TASK PROMPT: Without pictures, repeat exactly the lines from the one containing "Das Fundament wurde ausgehoben" through the end of the entries.

DATASET EXTRACT:
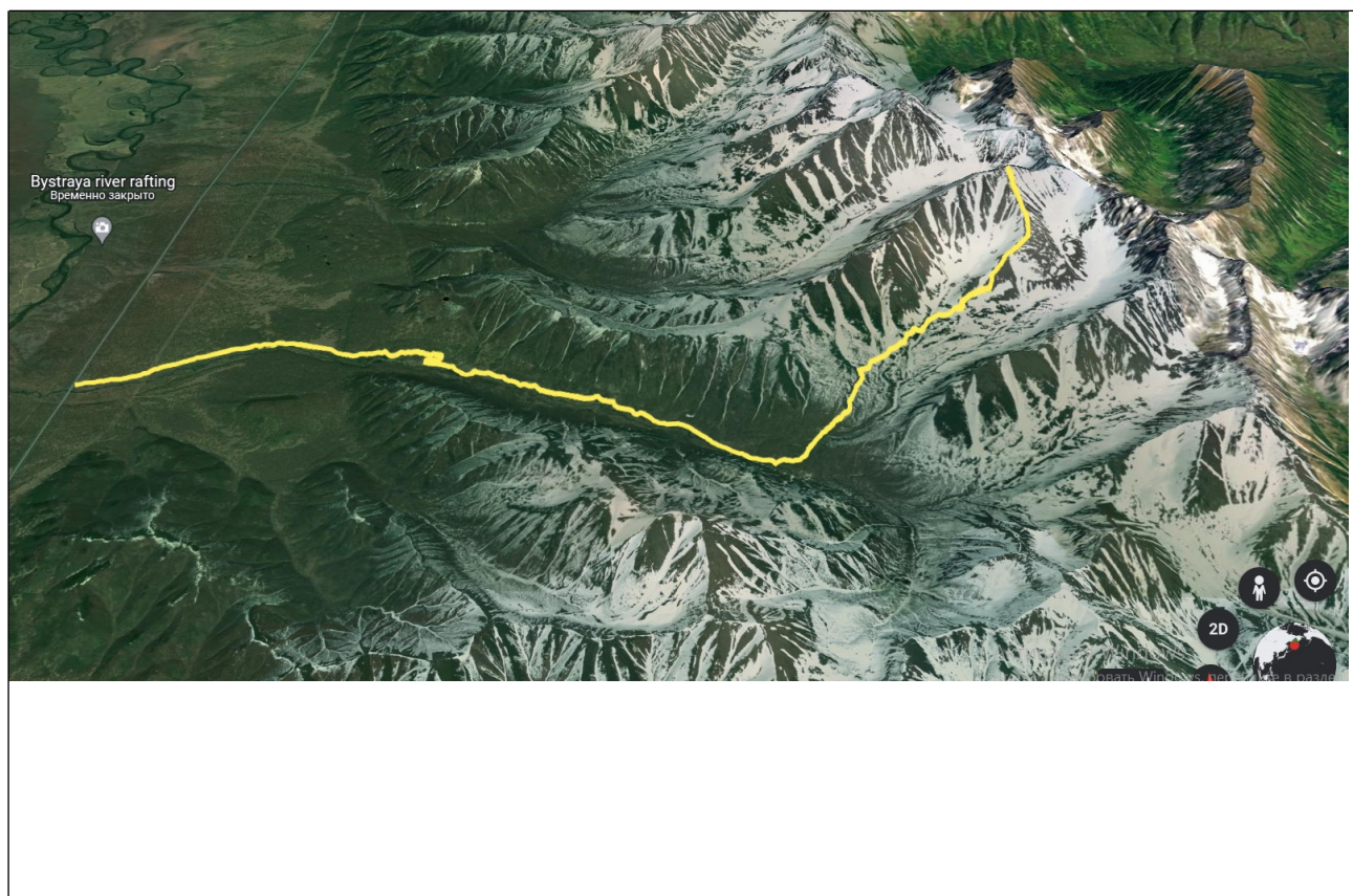
СХЕМА ТУРИСТСКОГО МАРШРУТА «ГОРА ЮРЧИК»
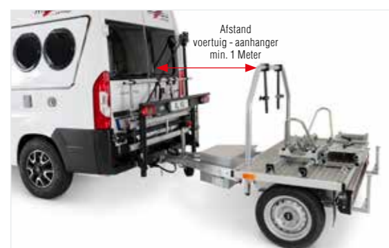
Trekhaak kan zonder beperkingen worden gebruikt
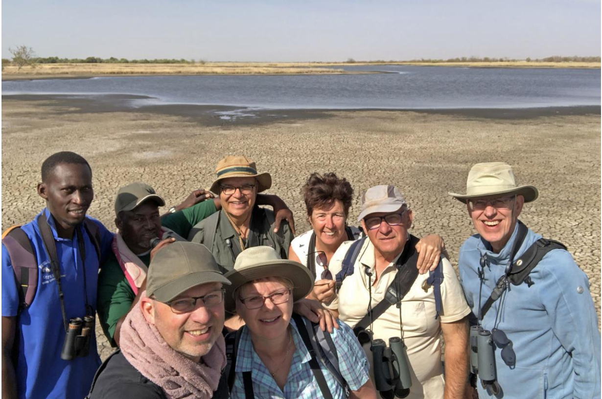
Bijna een vast onderdeel van de vakantie, de groepsfie | Gambia | 20 jan. 2019
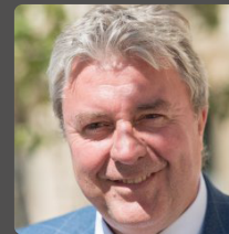
Jean-Paul LECOQ député de Seine-Maritime
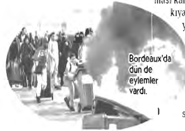
Bordeaux'da dün de eylemler vardı.

Yeni vergilerle yılbaşından itibaren petrolün litre fiyatının 2.9 Avro cent, dizelin litre fiyatının ise 6.5 Avro cent artırılması kararının ertelenmesi konusunda Fransız parlamentosunun bugün bir oylama yap-
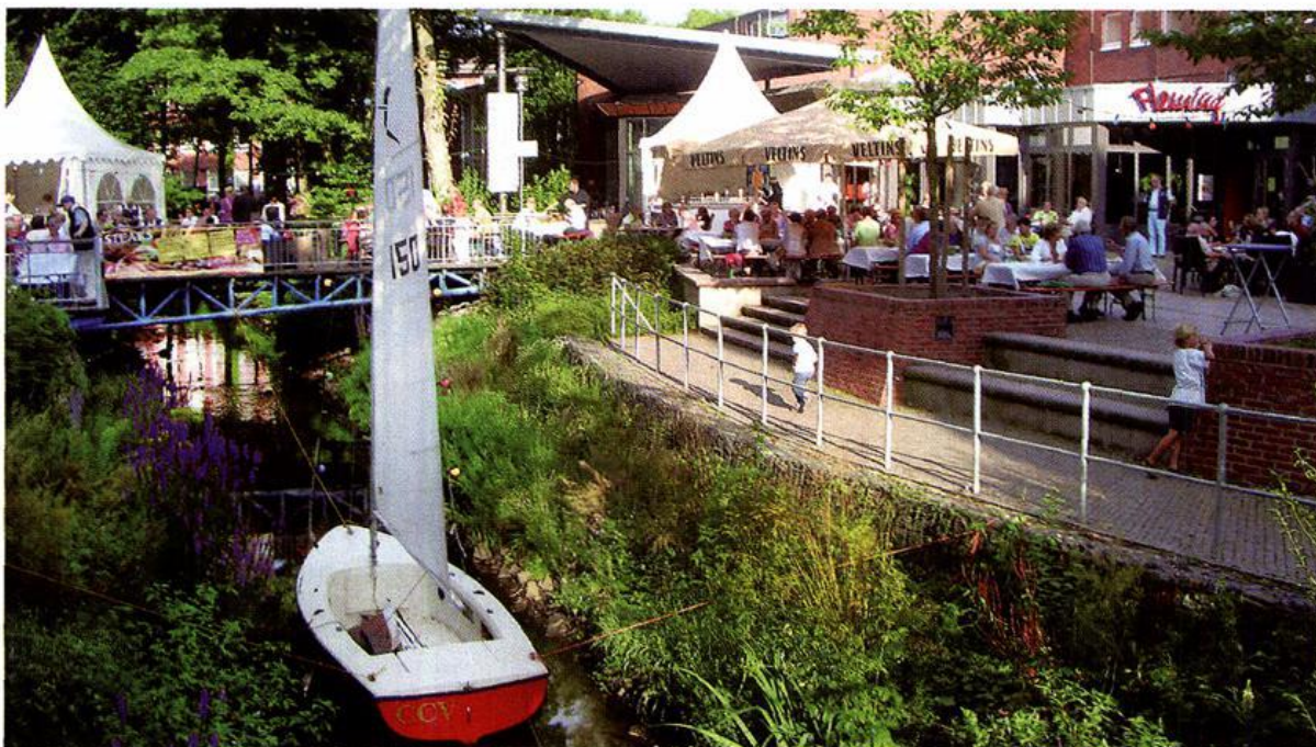
1. Cloppenburger Hafenfest auf dem neu gestalteten Vorplatz der Stadthalle
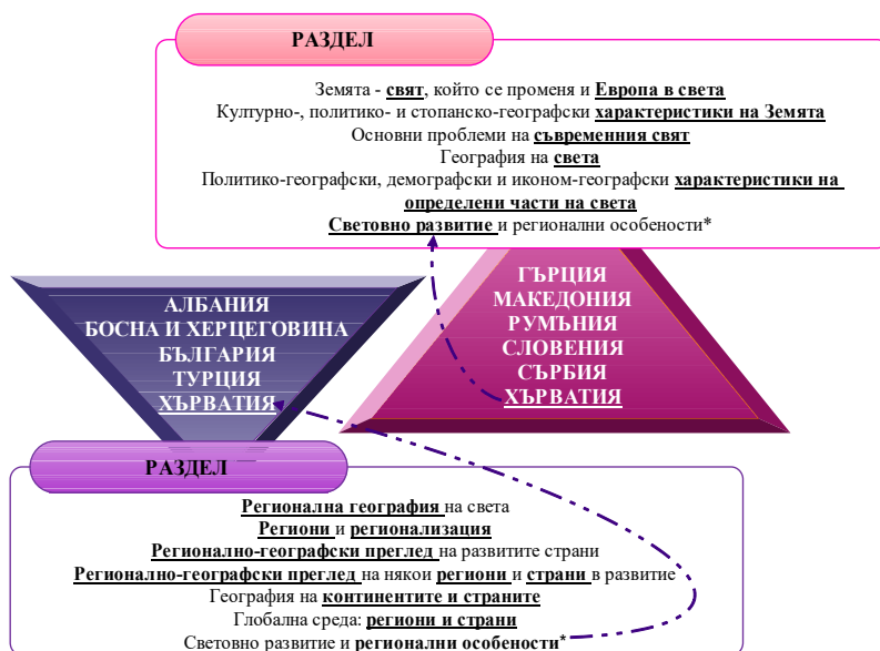
Фиг. 2. Ситуационен синтез по наименование на раздел за обучението по география на страните

При десет от страните в учебната програма се съдържа наименованието на раздела , с изключение на Черна гора, където не се съдържа конкретно наименование на обучението за страните. Наименованията на разделите съдържат ключови думи и фрази, които пряко кореспондират със съдържателната рамка по регионална география. По този критерий страните могат да бъдат групирани в две групи, като границата е изключително условна, защото всички единични и съставни географски понятия са част от обектно-съдържателната същност на обучението за страните (Фиг. 2).
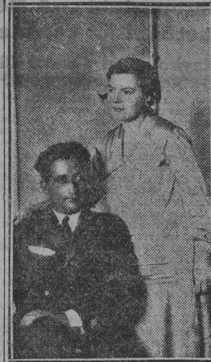
El comandante Franco, acompañado de su esposa. Única fotografía íntima obtenida en su casa particular después del «raid» Palos-Buenos Aires.

(Vean nuestros lectores la amplia información que publicamos en la plana tercera.)
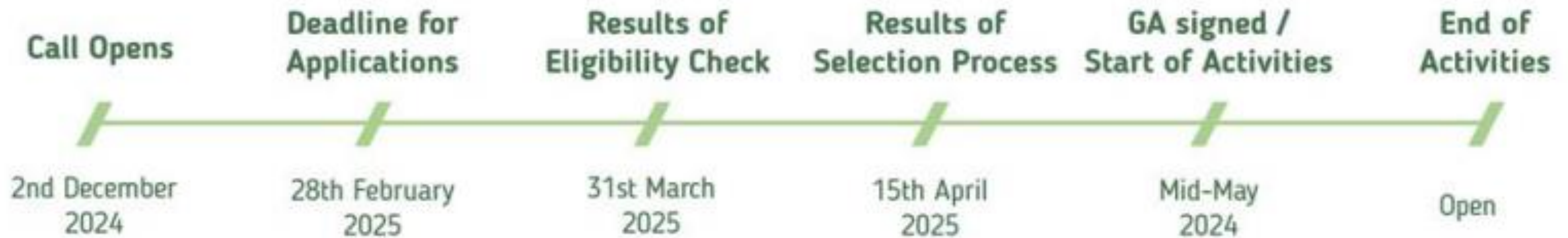
Figure 1: Expected timings for key milestones in the EENergy Open Call
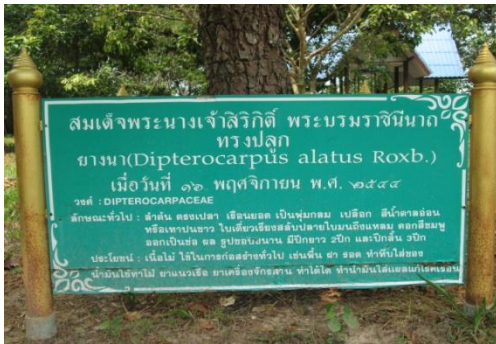
ภาพที่ ๑ ป้ายชื่อสมเด็จพระนางเจ้าฯ พระบรมราชินีนาถ ทรงปลูก

เมื่อวันที่ ๑๖ พฤศจิกายน ๒๕๔๔ บริเวณ กอ.รมน.โครงการส่งเสริมศิลปาชีพบ้านเล็กในป่าใหญ่ บ้านน้อมเกล้า ต.บุงคำ อ.เลิงนกทา จ.ยโสธร
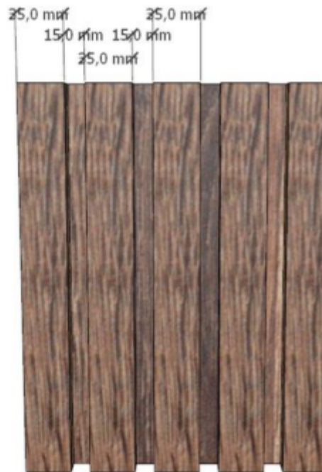
Listones de 35mm y separación entre listones de 15mm
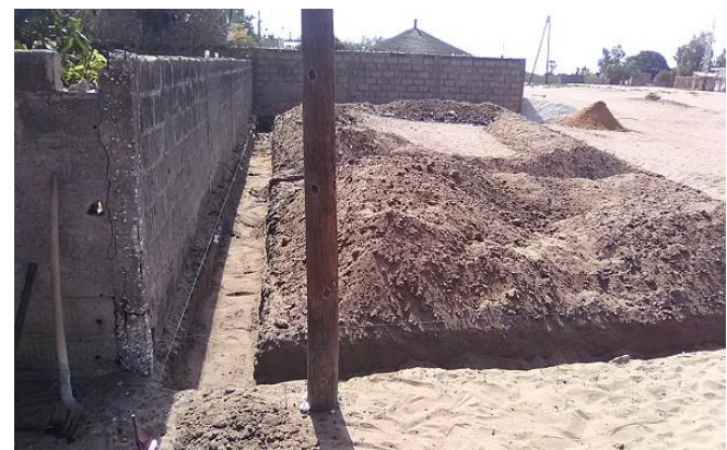
Das Fundament wurde ausgehoben

Nun folgten zügig die vertraglichen Vereinbarungen zwischen EG Solar und REDCHAIRity, inhaltliche Erklärungen in Französisch an SAPOP, Bauplan mit Kostenplan für die einzelnen Bauabschnitte, Nachweise über die rechtmäßige Verwendung des Baugrundstückes etc. Als Ziel für die Vollendung des Baus wurde der 31. Dezember 2017 festgehalten. Sofort nach Erhalt der ersten Teilsumme Anfang Juni begann SAPOP die Bauarbeiten:
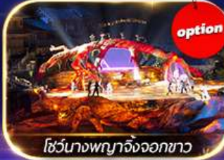
โชว์นางพญาจิ้งจอกขาว
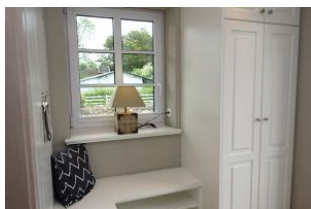
Treten Sie ein, ein kleiner Flur mit Sitzbank erwartet Sie...
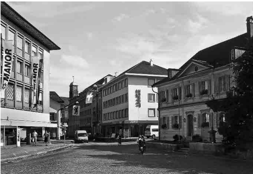
27 Bahnhofstrasse, ehem. Zoll- und Lagerhaus von 1748
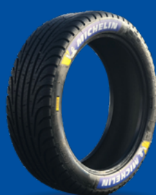
FW3 (FULL WET)

Dimensions : 20/65-18 Conditions humides, froides, givre et verglas.
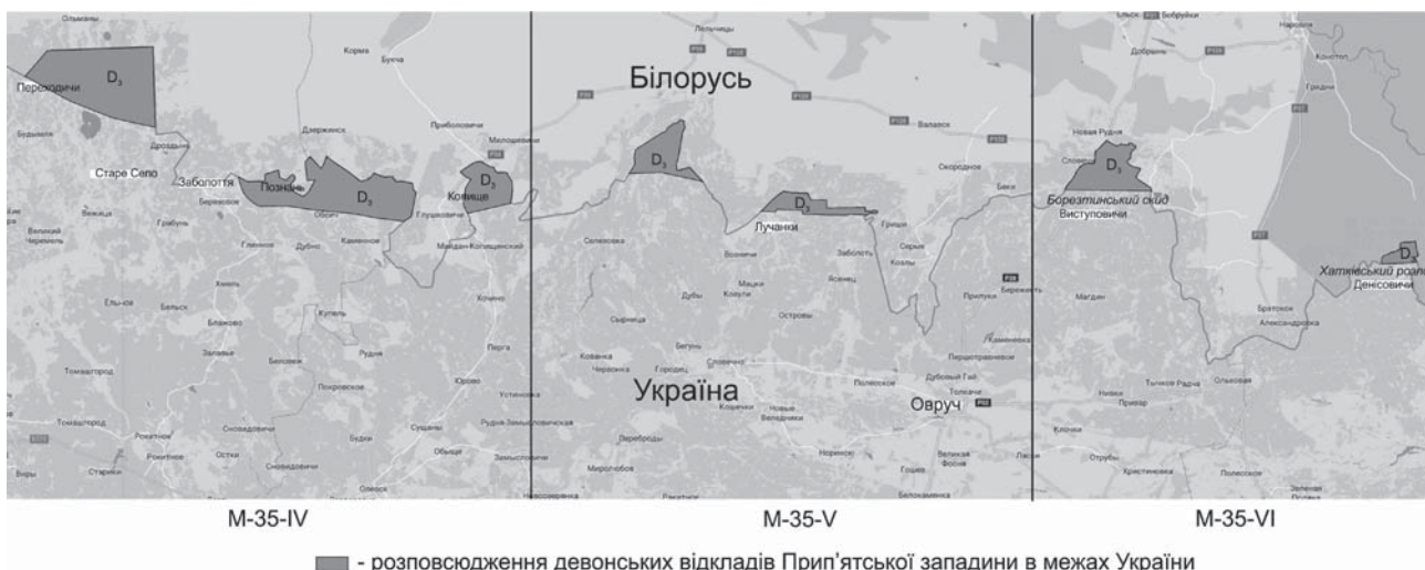
Рис. 1. Оглядова карта розповсюдження девонських відкладів крайової частини Прип'ятського прогину з границями листів Державної геологічної зйомки масштабу 1:50000.

EXERCISE RESPONSE:
Das Fundament wurde ausgehoben

Nun folgten zügig die vertraglichen Vereinbarungen zwischen EG Solar und REDCHAIRity, inhaltliche Erklärungen in Französisch an SAPOP, Bauplan mit Kostenplan für die einzelnen Bauabschnitte, Nachweise über die rechtmäßige Verwendung des Baugrundstückes etc. Als Ziel für die Vollendung des Baus wurde der 31. Dezember 2017 festgehalten. Sofort nach Erhalt der ersten Teilsumme Anfang Juni begann SAPOP die Bauarbeiten:
โชว์นางพญาจิ้งจอกขาว
Treten Sie ein, ein kleiner Flur mit Sitzbank erwartet Sie...
27 Bahnhofstrasse, ehem. Zoll- und Lagerhaus von 1748
FW3 (FULL WET)

Dimensions : 20/65-18 Conditions humides, froides, givre et verglas.
Рис. 1. Оглядова карта розповсюдження девонських відкладів крайової частини Прип'ятського прогину з границями листів Державної геологічної зйомки масштабу 1:50000.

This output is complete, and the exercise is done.